Feel free to play around with these hyper-parameters and see the impact on the embeddings!

In [None]:
print('Embedding {} sentences...'.format(len(sentences)))
    
model = Word2Vec(
    sentences,
    size=10,
    window=3,
    workers=1,
    sg=0,
    iter=25,
    negative=25,
    min_count=1,
    seed=42,
    compute_loss=True
)

print(model.get_latest_training_loss())

# Create 2D t-SNE representation of embeddings

Let's take a look at our embeddings in a 2D scatter plot!
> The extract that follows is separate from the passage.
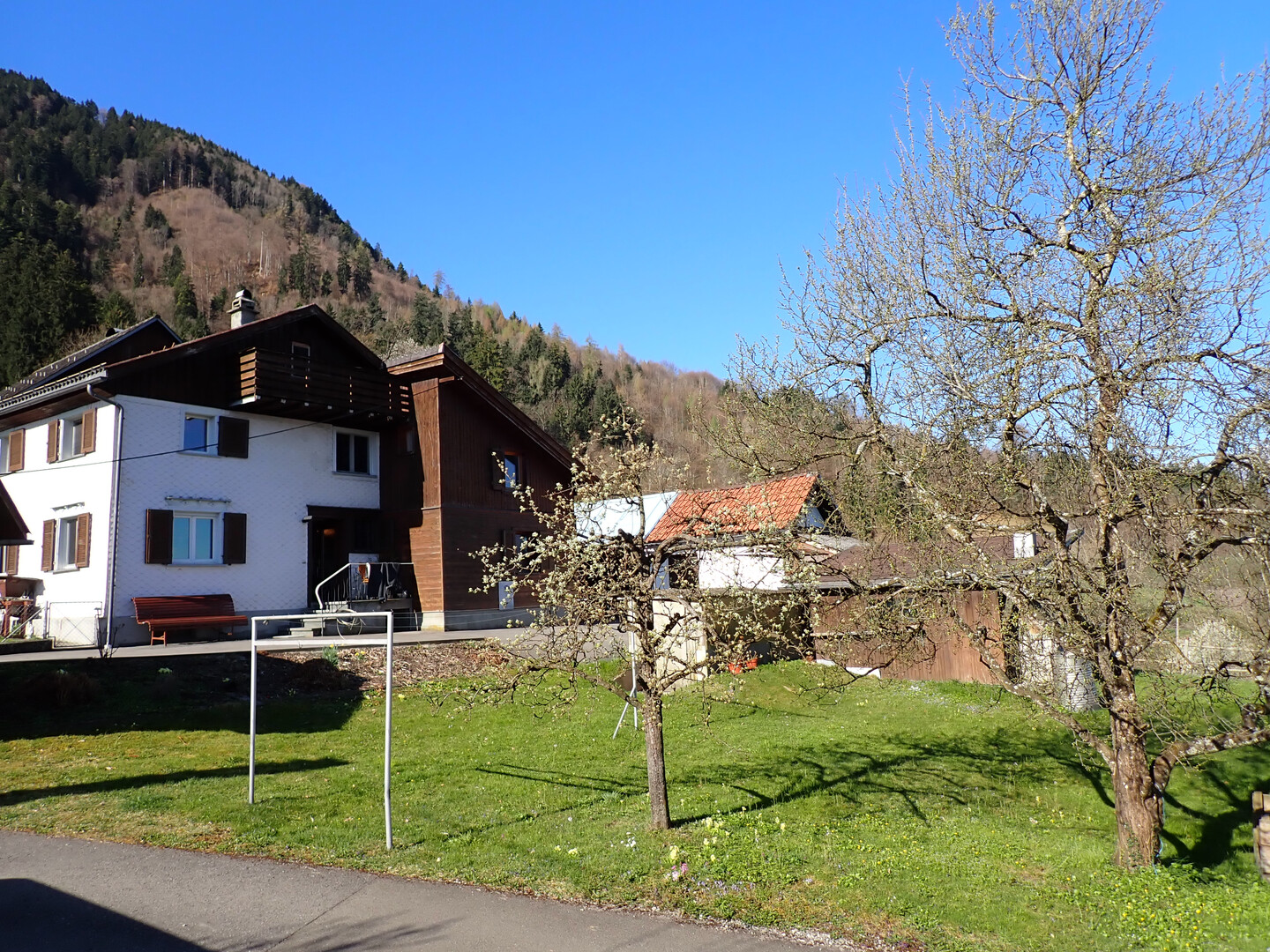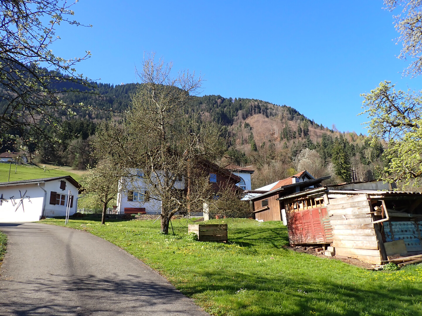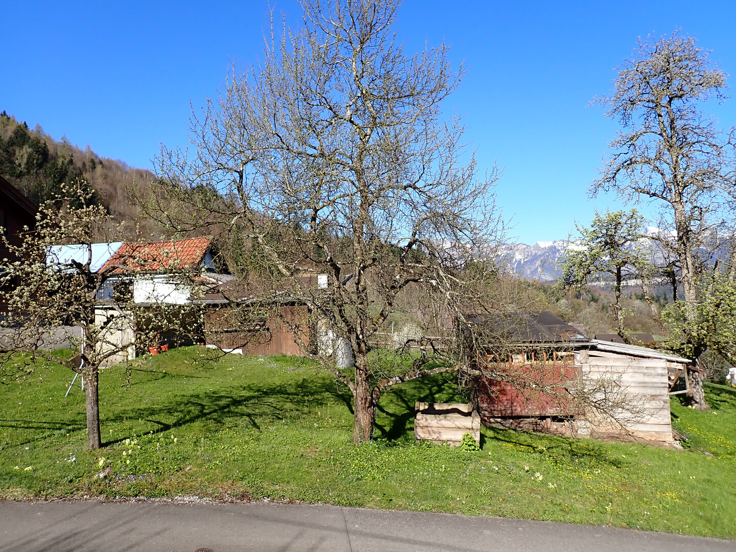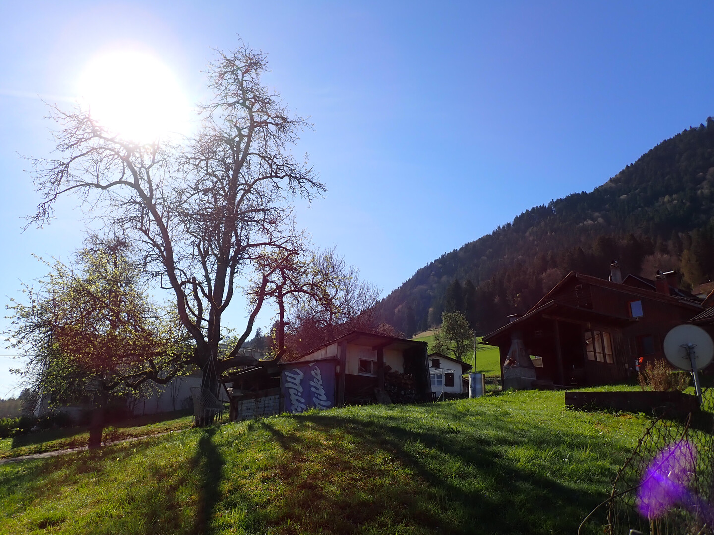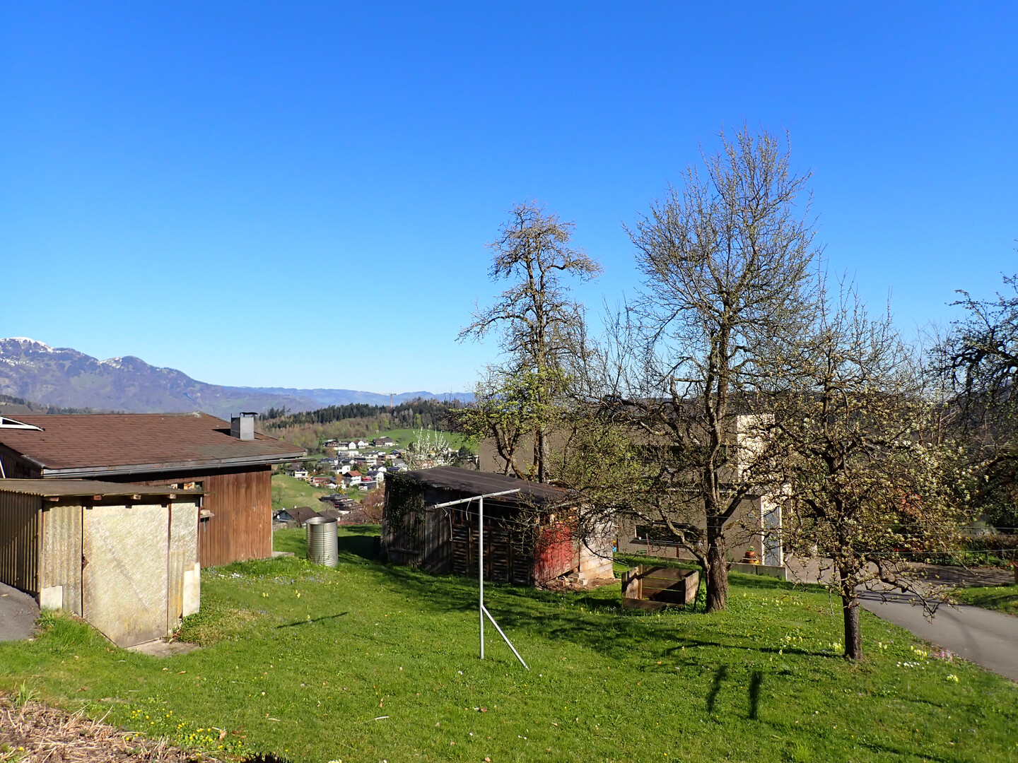 Der Garten ist etwas ganz besonderes und theoretisch als separater Bauplatz zu betrachten… im Sommer ist der Sonnenaufgang hinter dem Zitterklapfen zu sehen und der Sonnenuntergang hinter den Schweizer Bergen, der Hohe Kasten und der Montlinger Schwamm wirken zum Greifen nahe…

We will use `adjustText` to not clutter the plot with our labels.

In [None]:
products = list(model.wv.vocab.keys())
embeddings = []
for product in products:
    embeddings.append(model.wv[product])
embeddings = np.array(embeddings)
print(len(products), embeddings.shape)

tsne = TSNE(random_state=42)
X_tsne = tsne.fit_transform(embeddings)

plt.figure(figsize=(10, 10))
plt.scatter(X_tsne[:, 0], X_tsne[:, 1])

texts = []
for x, y, lab in zip(X_tsne[:, 0], X_tsne[:, 1], products):
    text = plt.text(x, y, lab)
    texts.append(text)
    
adjust_text(texts, lim=5, arrowprops=dict(arrowstyle="->", color='r', lw=0.5))
plt.show()

This is only a simple proof-of-concept with a rather small dataset. Nevertheless, we can see that the Word2Vec already learned some cool things! Due to stochastic elements in Word2Vec, the embeddings can look different each time. On the command-line, you can prevent this by adding `PYTHONHASHSEED=42` as a prefix.

In the image below, we can cleary identify a cluster of alcohol, we can see how mustard and frankfurter have been placed together, and so on... Cool beans!

![image.png](attachment:image.png)